*YOUR ASSIGNMENT:* The pictures get dropped, while every remaining part of the listing is copied exactly.

*GIVEN DATA:*
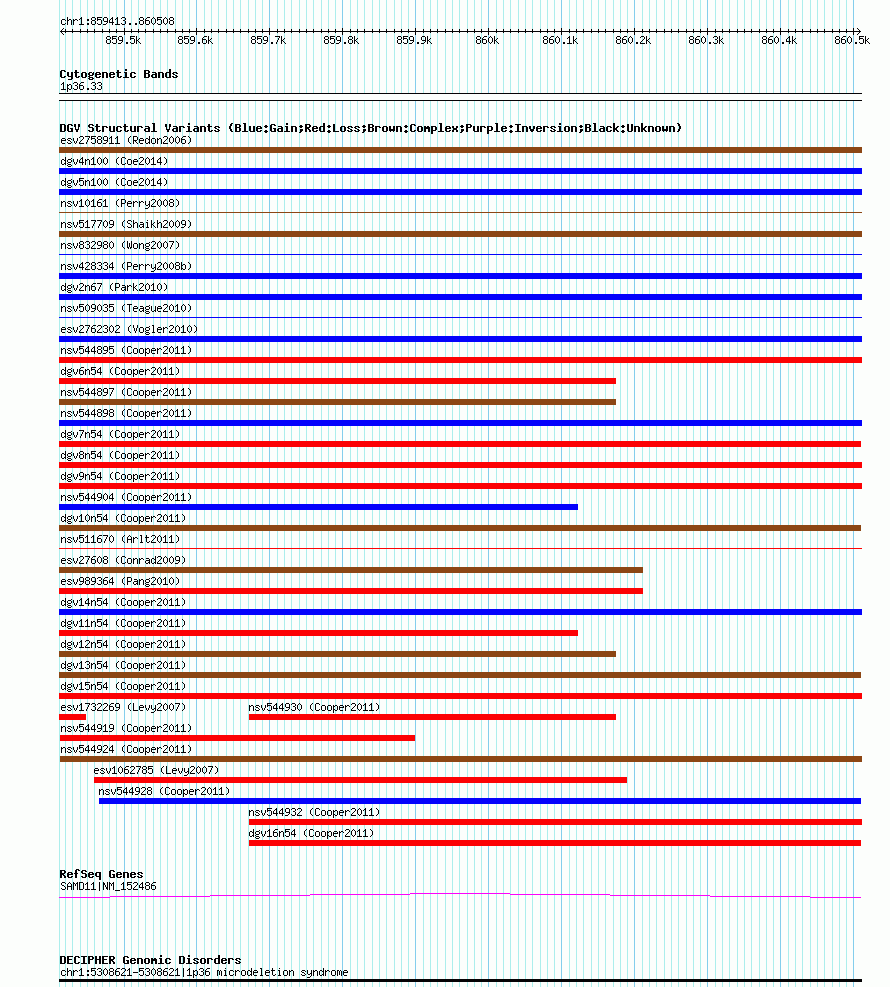| Variant Type | CNV gain+loss | Copy Number | | Allele State | | Allele Origin | | Probe Count | | Validation Flag | | Merged Status | M | Merged Variants | dgv13n54 | Supporting Variants | nssv708364, nssv708354, nssv708348, nssv708357, nssv708353, nssv708351, nssv708361, nssv708365, nssv708355, nssv708359, nssv708367, nssv708362, nssv708347, nssv708349, nssv708350, nssv708356, nssv708360, nssv708363, nssv708352, nssv708366, nssv708358 | Samples | | Known Genes | SAMD11 | Method | SNP array | Analysis | Illumina SNP array copy number analysis | Platform | Not reported | Comments | | Reference | Cooper_et_al_2011 | Pubmed ID | 21841781 | Accession Number(s) | nsv544923
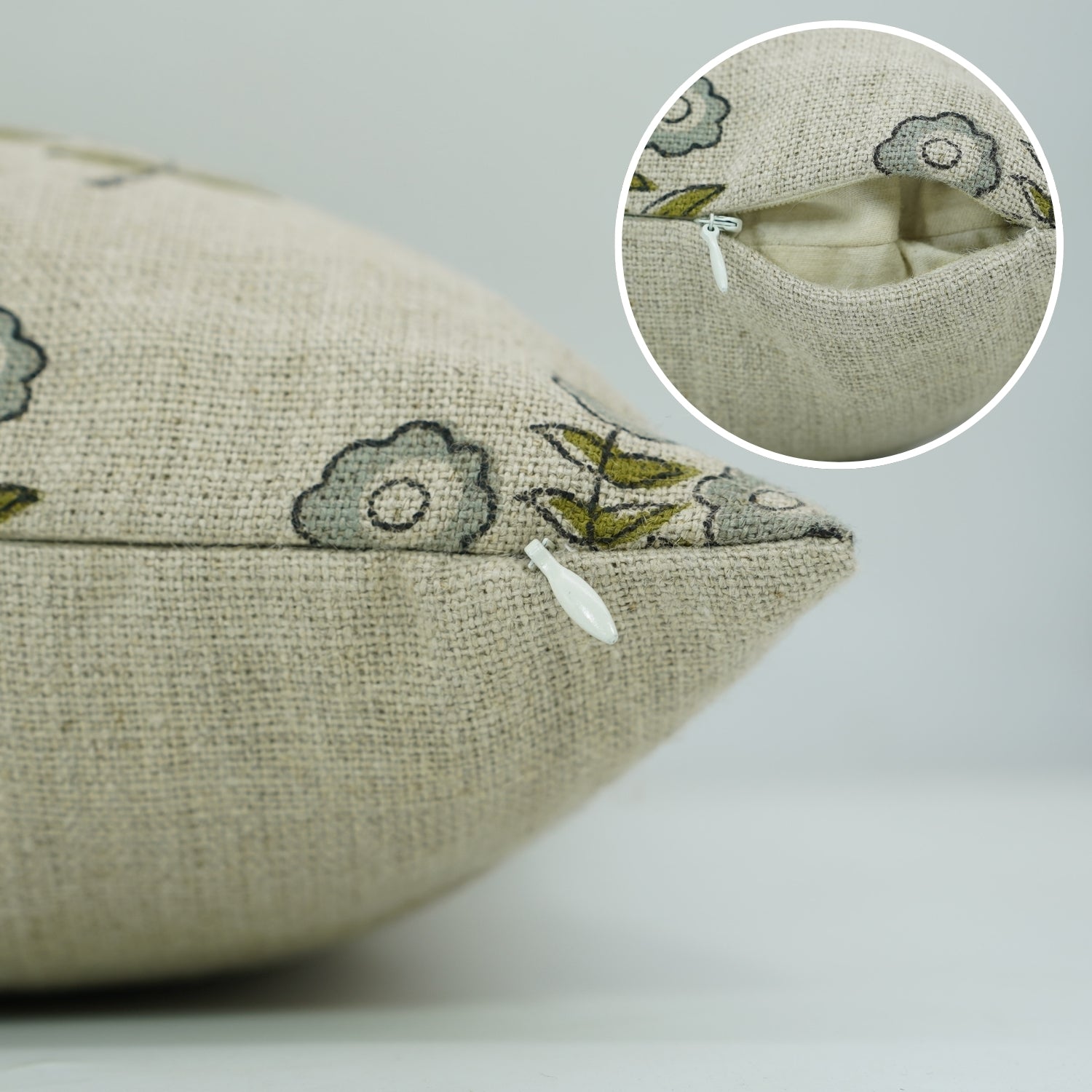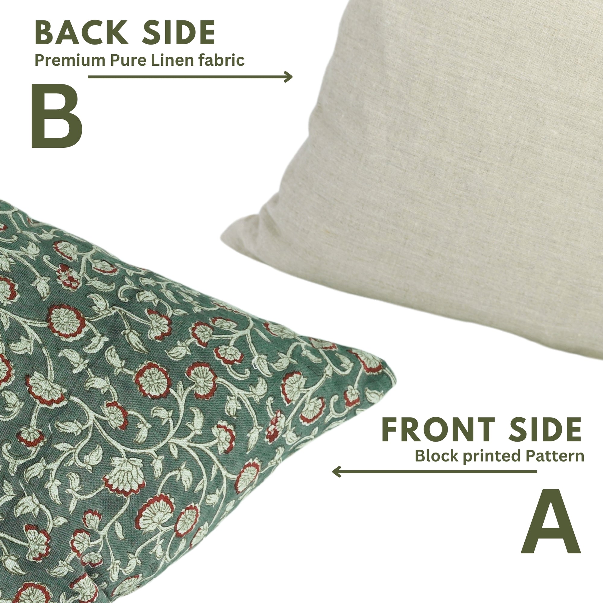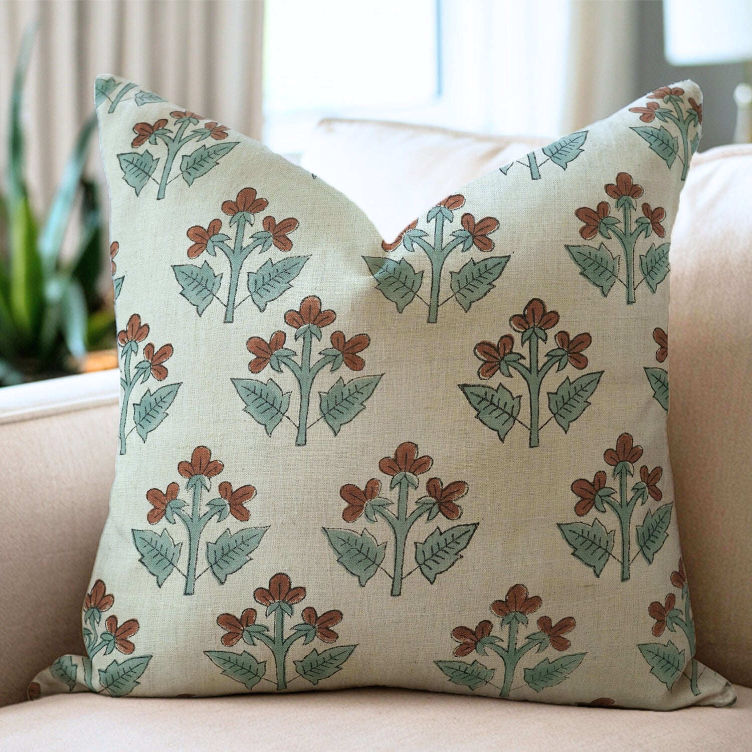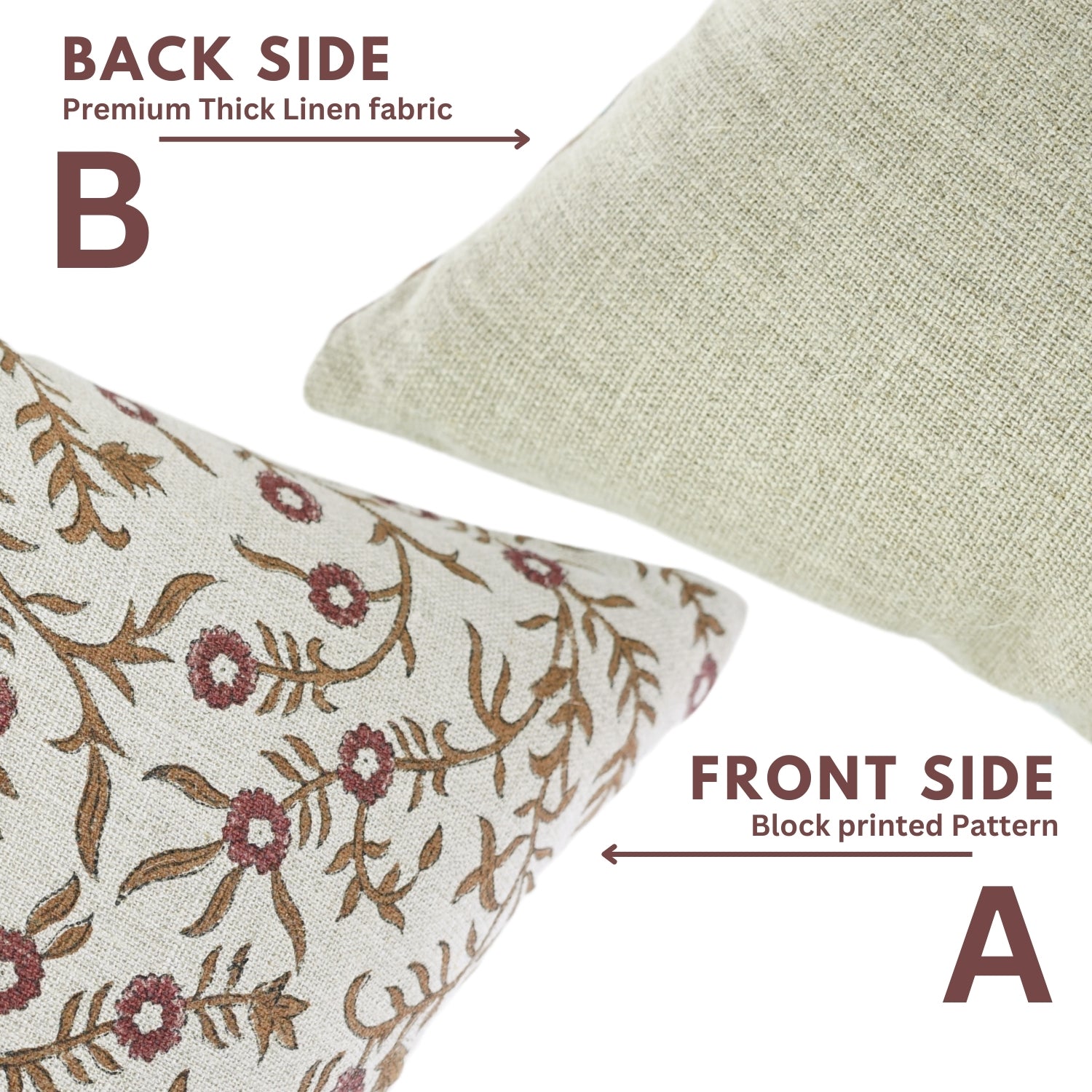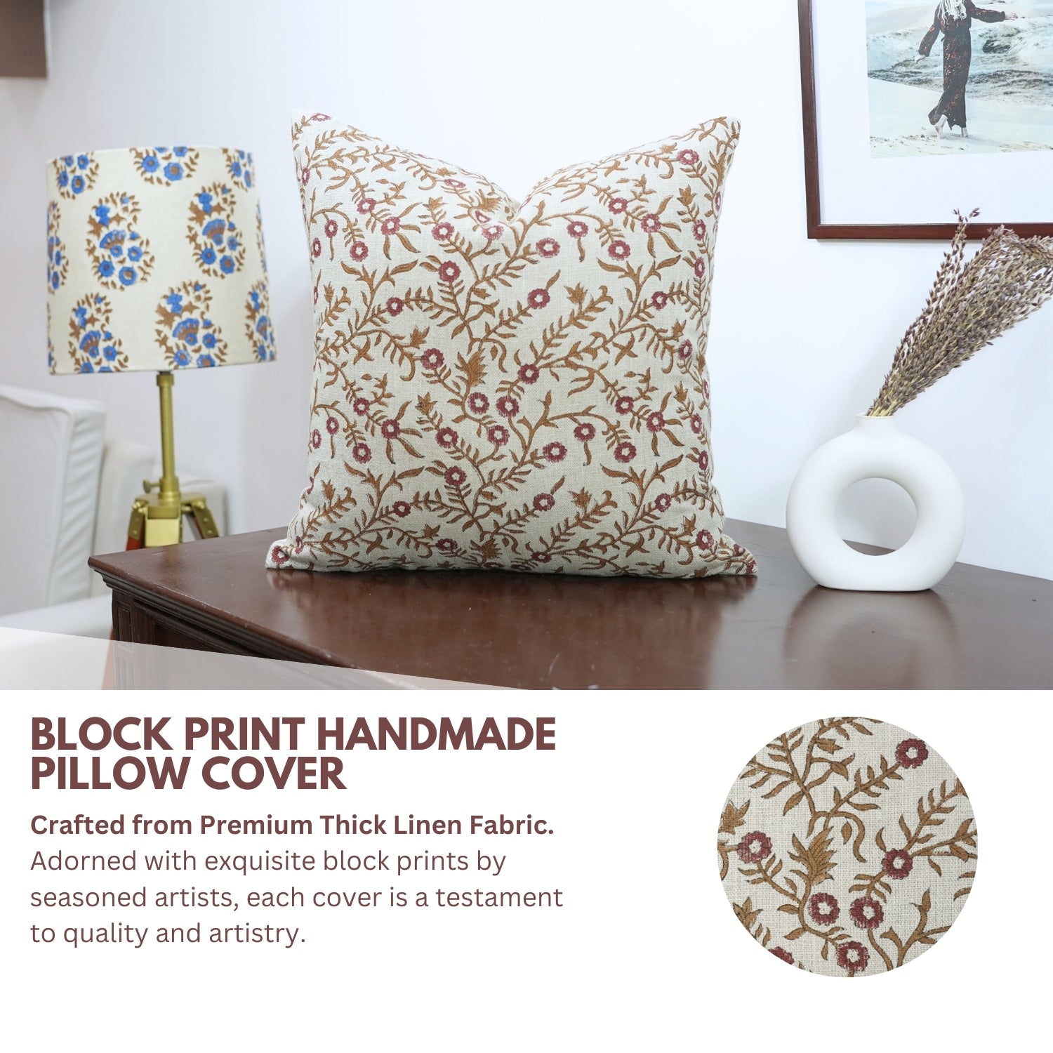 Linen Block Print Floral Pillow Covers | Handmade Cushion
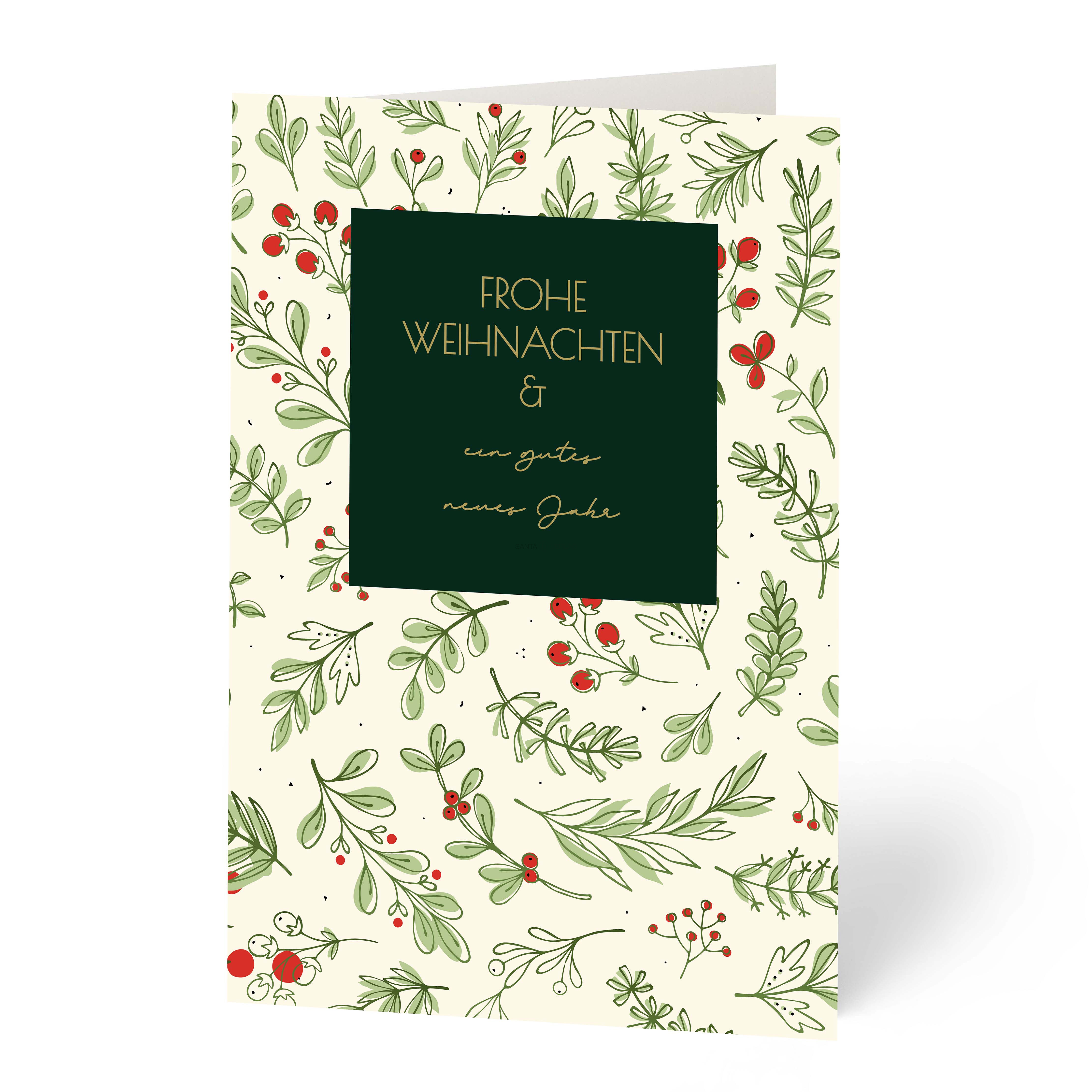 Weihnachtskarte, "Grüne Zweige" Text mit Goldfolie veredelt, incl. Couvert

*ANSWER TO THIS EXERCISE:*
| Variant Type | CNV gain+loss | Copy Number | | Allele State | | Allele Origin | | Probe Count | | Validation Flag | | Merged Status | M | Merged Variants | dgv13n54 | Supporting Variants | nssv708364, nssv708354, nssv708348, nssv708357, nssv708353, nssv708351, nssv708361, nssv708365, nssv708355, nssv708359, nssv708367, nssv708362, nssv708347, nssv708349, nssv708350, nssv708356, nssv708360, nssv708363, nssv708352, nssv708366, nssv708358 | Samples | | Known Genes | SAMD11 | Method | SNP array | Analysis | Illumina SNP array copy number analysis | Platform | Not reported | Comments | | Reference | Cooper_et_al_2011 | Pubmed ID | 21841781 | Accession Number(s) | nsv544923
 Linen Block Print Floral Pillow Covers | Handmade Cushion
 Weihnachtskarte, "Grüne Zweige" Text mit Goldfolie veredelt, incl. Couvert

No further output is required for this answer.